YOUR INSTRUCTIONS:
Beginning with the line that holds "根据吉林省教育考试院吉教考〔" and finishing with the line that holds "Servodan Minilux Control", repeat the listing exactly, leaving every picture out.

INPUT RECORDS:

_____

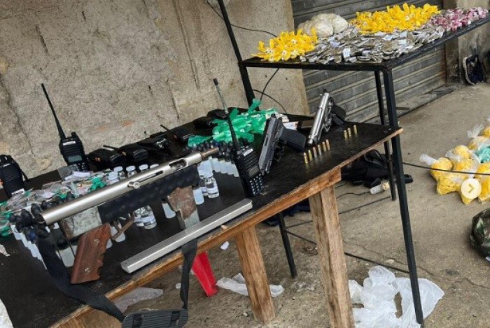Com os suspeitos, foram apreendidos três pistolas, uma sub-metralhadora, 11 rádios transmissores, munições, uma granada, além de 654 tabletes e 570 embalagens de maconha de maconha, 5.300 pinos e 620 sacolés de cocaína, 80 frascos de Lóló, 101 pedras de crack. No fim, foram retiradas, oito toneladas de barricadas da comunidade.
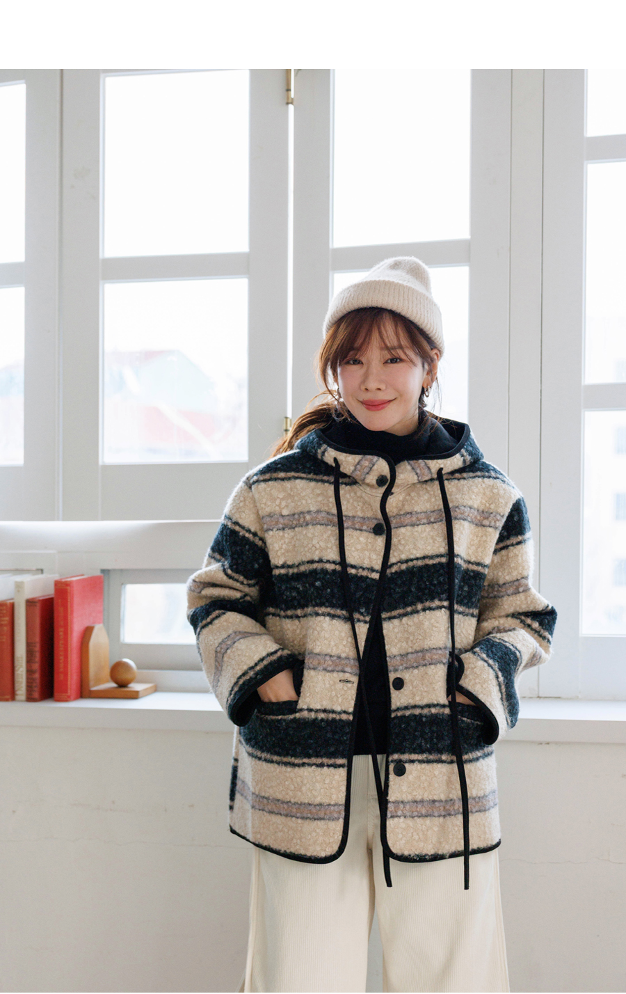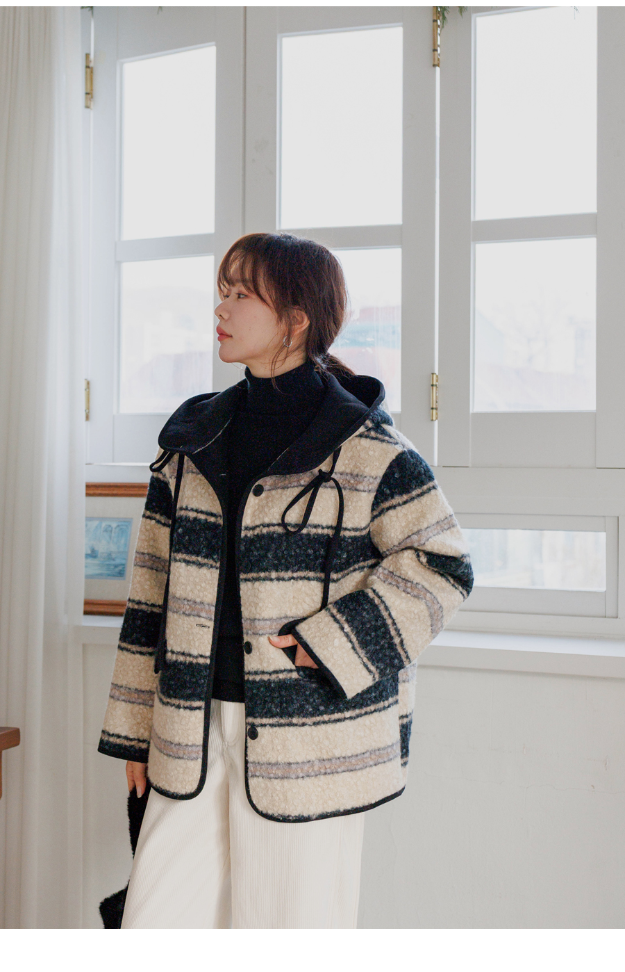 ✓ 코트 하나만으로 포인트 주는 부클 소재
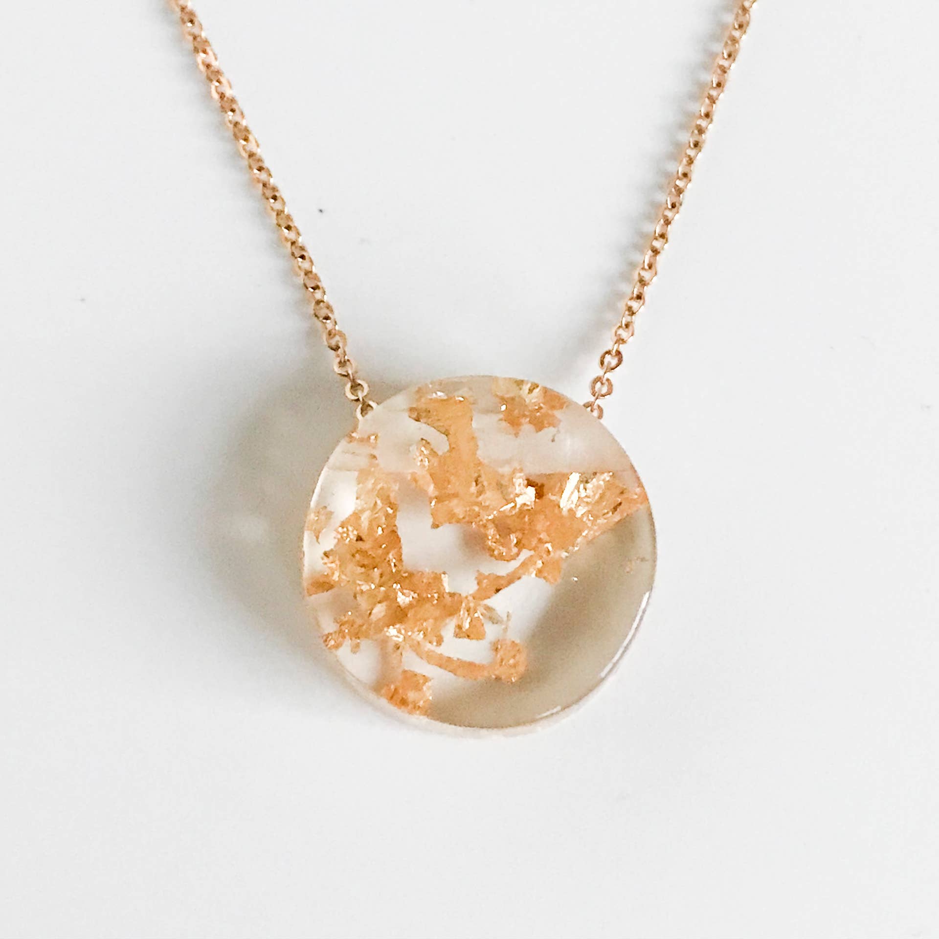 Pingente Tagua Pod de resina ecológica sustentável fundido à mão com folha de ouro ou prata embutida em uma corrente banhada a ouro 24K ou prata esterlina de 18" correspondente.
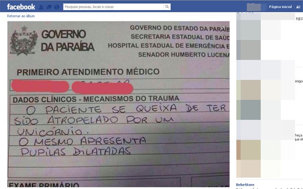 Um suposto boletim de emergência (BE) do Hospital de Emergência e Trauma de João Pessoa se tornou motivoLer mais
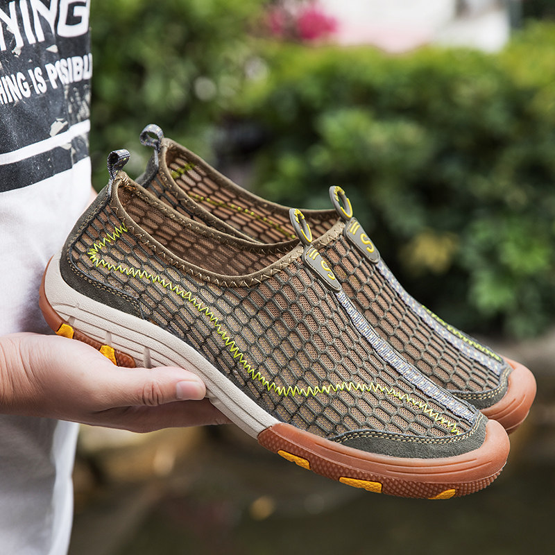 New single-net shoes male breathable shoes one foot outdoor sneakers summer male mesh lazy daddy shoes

_____

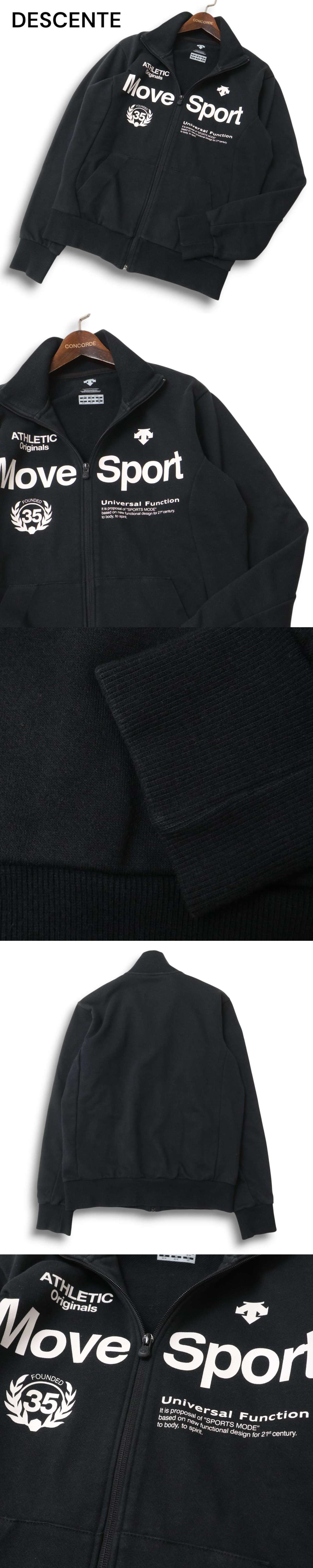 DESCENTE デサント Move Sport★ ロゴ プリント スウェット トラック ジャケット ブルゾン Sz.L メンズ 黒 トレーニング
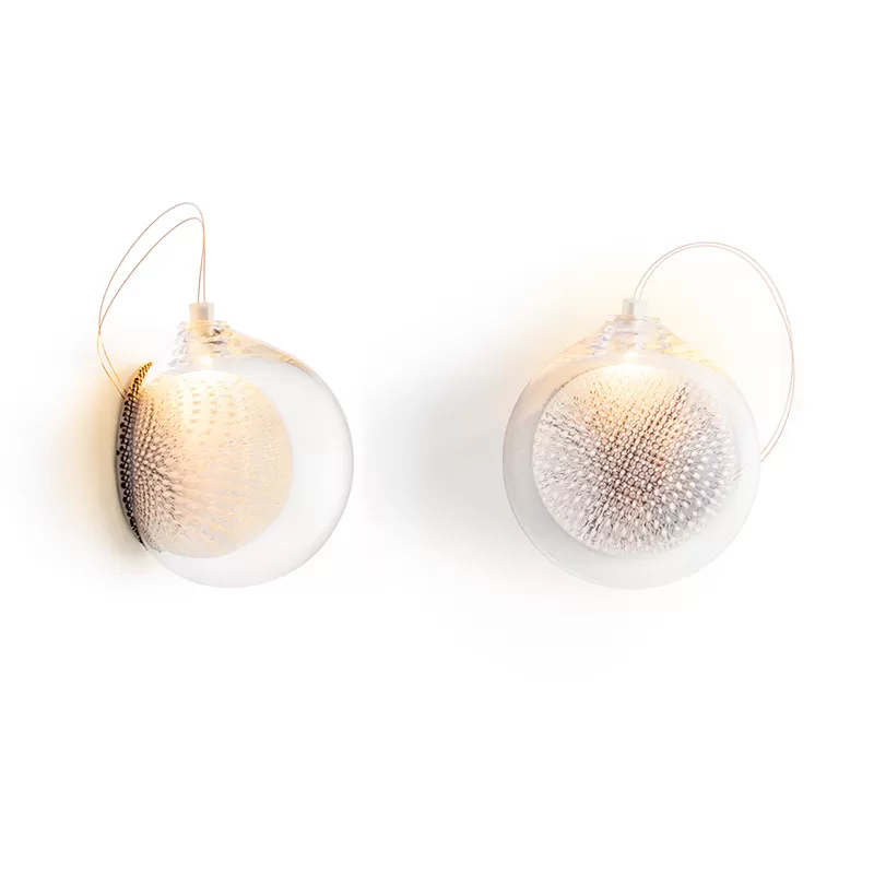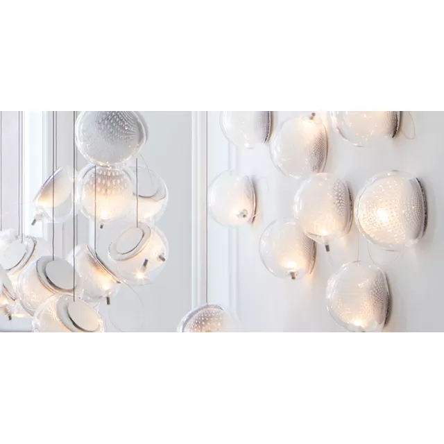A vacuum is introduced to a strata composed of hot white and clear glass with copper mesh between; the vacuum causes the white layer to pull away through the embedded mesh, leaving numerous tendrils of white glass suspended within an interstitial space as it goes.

_____

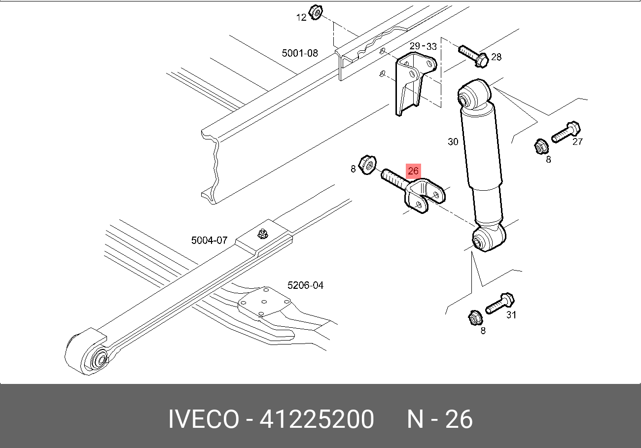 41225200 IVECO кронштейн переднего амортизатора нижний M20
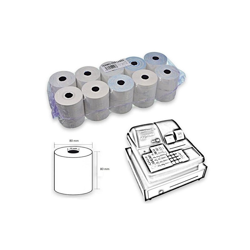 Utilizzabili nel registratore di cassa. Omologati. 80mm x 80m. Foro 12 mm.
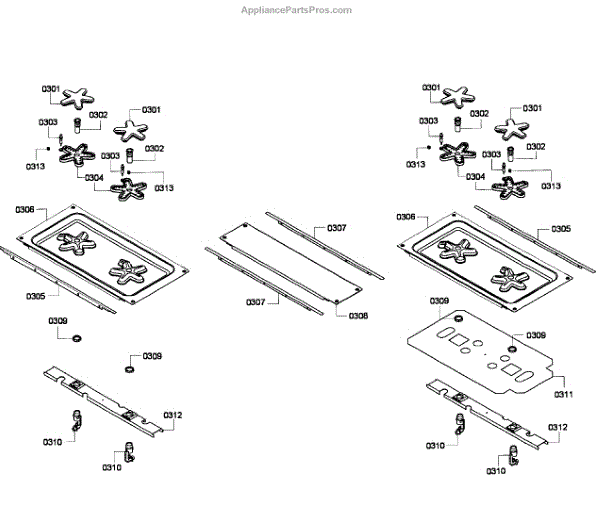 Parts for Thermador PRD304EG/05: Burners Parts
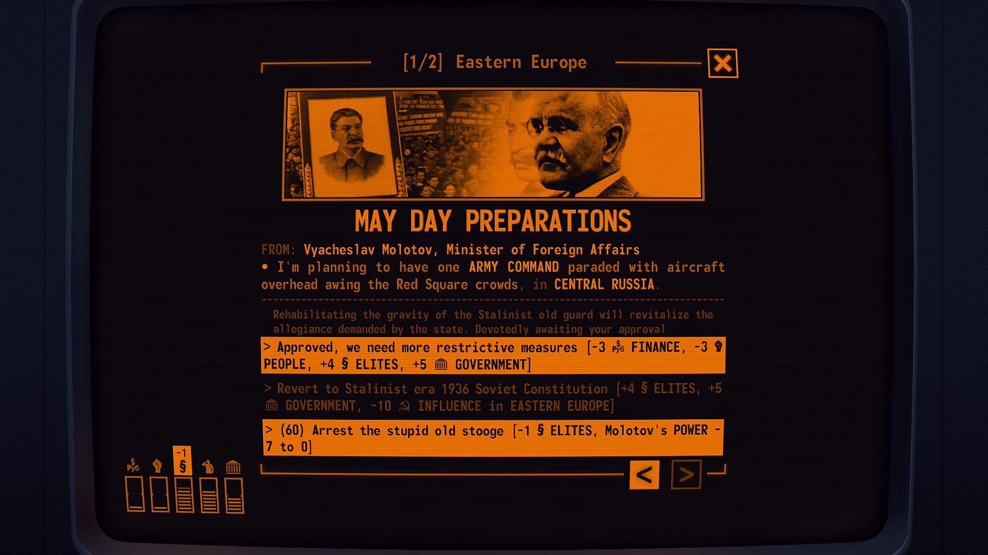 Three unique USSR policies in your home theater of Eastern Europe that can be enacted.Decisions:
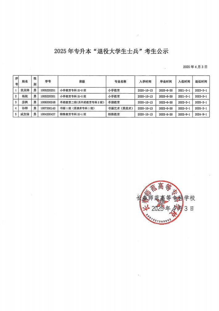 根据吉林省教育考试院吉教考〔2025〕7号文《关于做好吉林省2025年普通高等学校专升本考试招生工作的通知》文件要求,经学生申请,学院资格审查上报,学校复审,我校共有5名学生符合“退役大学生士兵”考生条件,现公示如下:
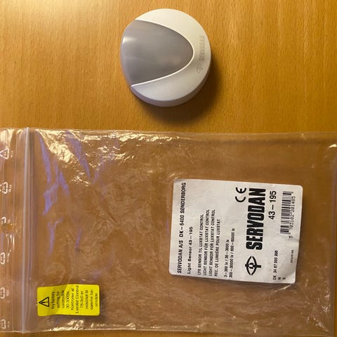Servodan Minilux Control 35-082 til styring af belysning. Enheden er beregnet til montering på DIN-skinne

_____

ANSWER BOX:
 根据吉林省教育考试院吉教考〔2025〕7号文《关于做好吉林省2025年普通高等学校专升本考试招生工作的通知》文件要求,经学生申请,学院资格审查上报,学校复审,我校共有5名学生符合“退役大学生士兵”考生条件,现公示如下:
Servodan Minilux Control 35-082 til styring af belysning. Enheden er beregnet til montering på DIN-skinne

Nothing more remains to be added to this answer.